The American Diabetes Association just made itself a cautionary tale about what happens when you confuse a scientific conference with a politically protected zone.
Five leading scientists were escorted out of the ADA’s annual meeting in New Orleans on Friday. Their offense? Handing out copies of an editorial published in the ADA’s own journal, Diabetes Care, that sharply criticized the Trump administration’s ongoing attacks on scientific research.
Let that sink in for a moment.
The five included Steven Kahn, professor of medicine at the University of Washington and editor-in-chief of Diabetes Care, who co-authored the editorial. Also ousted: former ADA president Desmond Schatz from the University of Florida, Aaron Kelly from the University of Minnesota, Justin Ryder from Northwestern University, and Irl Hirsch from the University of Washington. All were handing out reprints outside a room where NIH director Jay Bhattacharya had been scheduled to speak. (Bhattacharya cancelled; another NIH official took his place.)
“They physically grabbed us, forced us out of the conference center, and now are telling us we can no longer attend this meeting,” Kelly told MedPage Today, which first reported the incident. “They’re taking our lanyards. It really has come to this in America. Censorship is real. America needs to stand up.”
The ADA claims the scientists violated the organization’s code of conduct, which prohibits “disorderly or disruptive conduct such as protesting.” But here’s where it gets awkward: the scientists weren’t screaming slogans or blocking hallways. They were quietly distributing reprints of an article published in the ADA’s own publication, at the ADA’s own conference. The videos posted by MedPage Today don’t show anything resembling disruption.
Some are questioning how the ADA can claim these actions violated their code when the editorial in question ran in their own journal. The organization’s leadership actually added a disclaimer insisting the ADA had nothing to do with developing or writing the article. But that feels like a parent disowning a child after the child says something unpopular at a family reunion.
This incident lands at a collision point between science and politics that feels increasingly difficult to ignore. The editorial itself pulled no punches: “It is no longer enough to stand idly by or work behind the scenes with lawmakers,” the authors wrote. “Now is the time to recognize and fight to reverse the spiraling fall of the United States of America as the foremost nation in health care innovation.”
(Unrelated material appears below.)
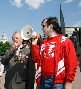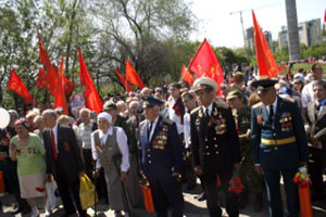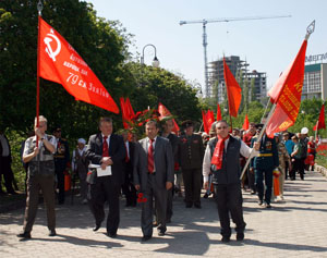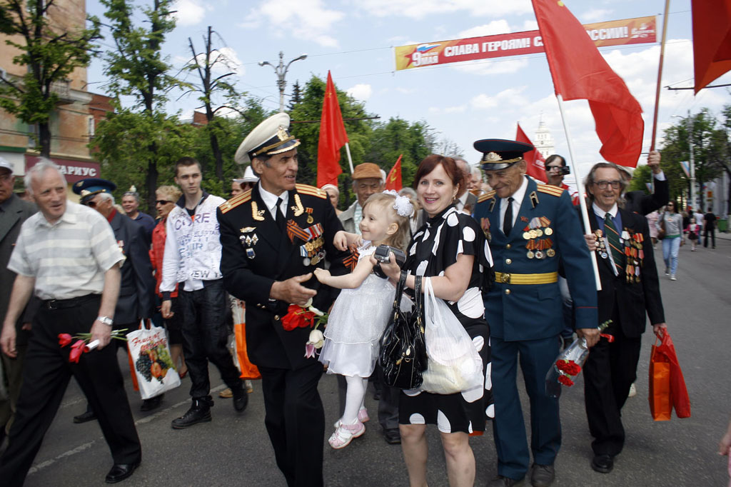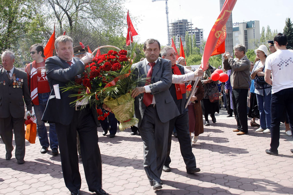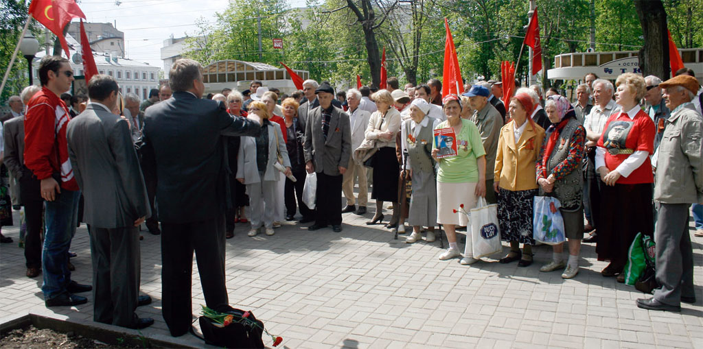 Сотни людей, собравшихся на площади Победы, горячо приветствовали друг друга и поздравляли с праздником, с воодушевлением пели песни военных лет. Затем состоялся митинг, на котором выступили первый секретарь обкома КПРФ, руководитель фракции коммунистов в областной Думе С.И. Рудаков, активисты Союза советских офицеров Б.В. Новиков, В.А. Кисленко, А.П. Смахтин, известные хозяйственные руководители, сохранившие верность социалистическому выбору – Г.В. Костин, А.С. Голиусов, М.И. Рукавицын и другие воронежцы. Говорили о непреходящем значении Победы, о вкладе в неё фронта и тыла, об огне сражений и боли утрат, о послевоенном восстановлении страны из руин, о трудностях и лишениях тех лет. Но самое страшное – то, что творится сегодня, война нынешней буржуазной власти с собственной историей, попытки доказать, что Советский Союз не был архитектором Победы, уравнять фашизм и социалистический строй. Все честные граждане глубоко возмущены, что даже накануне такого светлого праздника по центральным каналам телевидения показывают фильмы, порочащие советских солдат и офицеров. Если так называемым «десталинизаторам» дать волю, может дойти до преследования ветеранов, которые наденут свои боевые награды с изображением И.В. Сталина. Поэтому мерзавцы и подлецы, предатели нашей Родины должны получить и получают суровый отпор.

The backlash was swift on Twitter/X and BlueSky, and the editorial’s page views skyrocketed. There’s something darkly ironic about an organization dedicated to fighting a disease that affects millions choosing to silence the very scientists who help fight that disease.
This isn’t just about one conference or one editorial. It raises bigger questions about whether scientific societies can maintain credibility when they start acting more like corporate entities afraid of political consequences than organizations dedicated to advancing knowledge. The line between maintaining order and suppressing dissent is thin, and the ADA just walked right up to it.
Scientists getting booted from a medical conference for sharing peer-reviewed research. That’s the world we’re living in now.